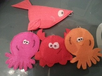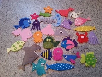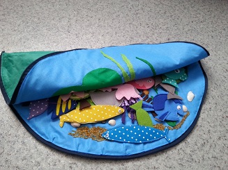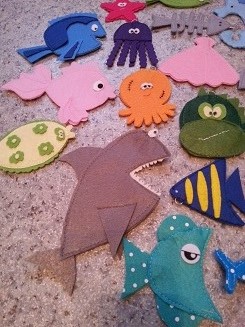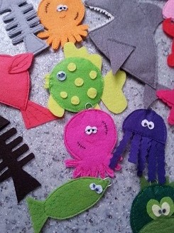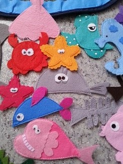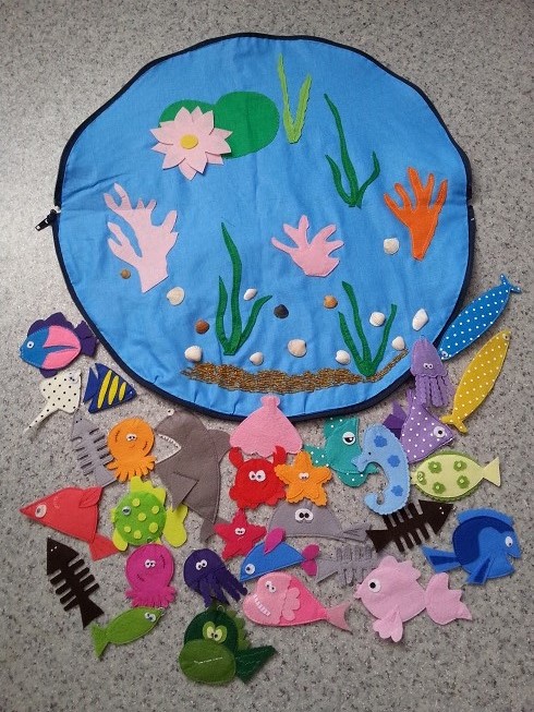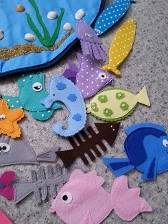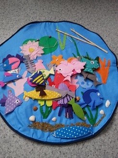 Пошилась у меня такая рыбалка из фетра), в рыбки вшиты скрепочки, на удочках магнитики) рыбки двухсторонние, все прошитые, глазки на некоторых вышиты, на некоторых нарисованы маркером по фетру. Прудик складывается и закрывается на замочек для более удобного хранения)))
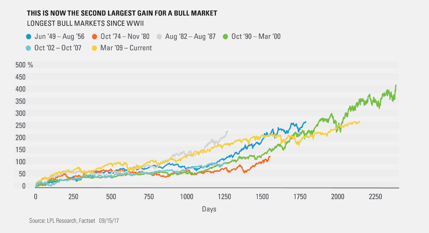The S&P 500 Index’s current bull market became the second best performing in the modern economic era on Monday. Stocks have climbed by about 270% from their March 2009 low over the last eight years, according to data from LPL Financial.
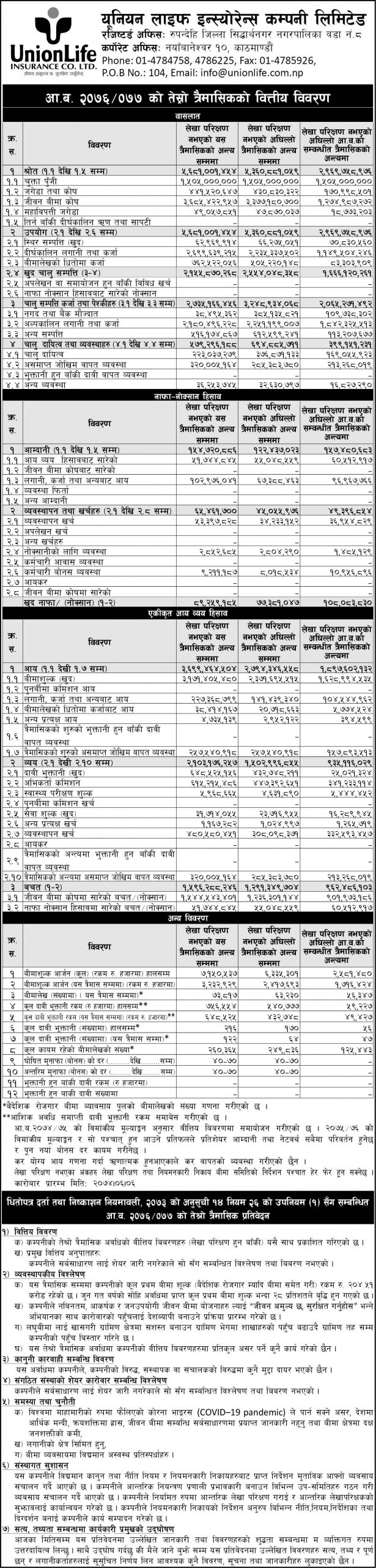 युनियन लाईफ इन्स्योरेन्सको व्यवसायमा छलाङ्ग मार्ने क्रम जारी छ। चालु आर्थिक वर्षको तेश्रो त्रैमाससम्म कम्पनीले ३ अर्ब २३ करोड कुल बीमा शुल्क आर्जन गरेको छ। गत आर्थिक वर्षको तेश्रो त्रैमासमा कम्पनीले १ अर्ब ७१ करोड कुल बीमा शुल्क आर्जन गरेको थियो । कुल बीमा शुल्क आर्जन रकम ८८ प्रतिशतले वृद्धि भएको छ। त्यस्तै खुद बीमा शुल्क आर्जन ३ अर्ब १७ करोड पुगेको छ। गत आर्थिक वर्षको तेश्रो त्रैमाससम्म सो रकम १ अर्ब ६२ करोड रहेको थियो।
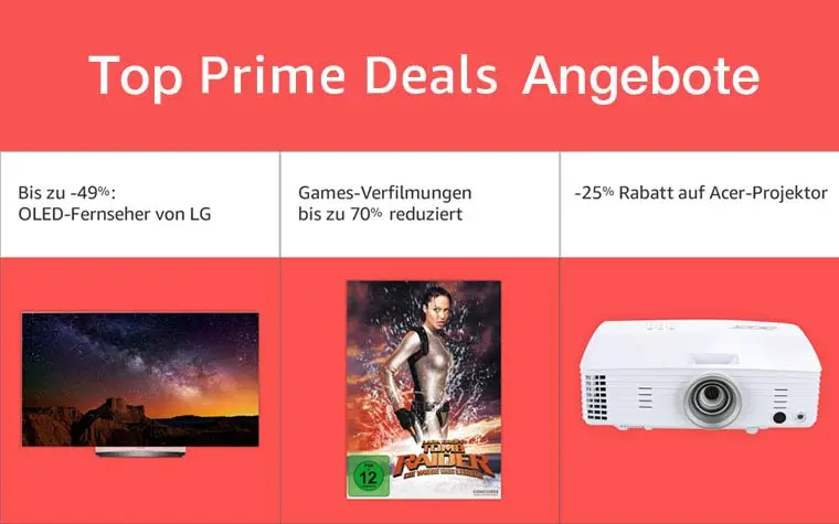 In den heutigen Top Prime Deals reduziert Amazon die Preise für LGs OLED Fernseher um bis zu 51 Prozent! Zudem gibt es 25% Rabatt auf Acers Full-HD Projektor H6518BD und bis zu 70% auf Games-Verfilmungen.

┄┄┄┄┄┄┄┄┄┄┄┄┄┄┄┄┄┄┄┄

=== TASK STATEMENT ===
Leave out any pictures and return exactly the lines from the beginning of the data through the line with "The S&P 500", inclusive.

=== TASK RESPONSE ===
 Пошилась у меня такая рыбалка из фетра), в рыбки вшиты скрепочки, на удочках магнитики) рыбки двухсторонние, все прошитые, глазки на некоторых вышиты, на некоторых нарисованы маркером по фетру. Прудик складывается и закрывается на замочек для более удобного хранения)))
The S&P 500 Index’s current bull market became the second best performing in the modern economic era on Monday. Stocks have climbed by about 270% from their March 2009 low over the last eight years, according to data from LPL Financial.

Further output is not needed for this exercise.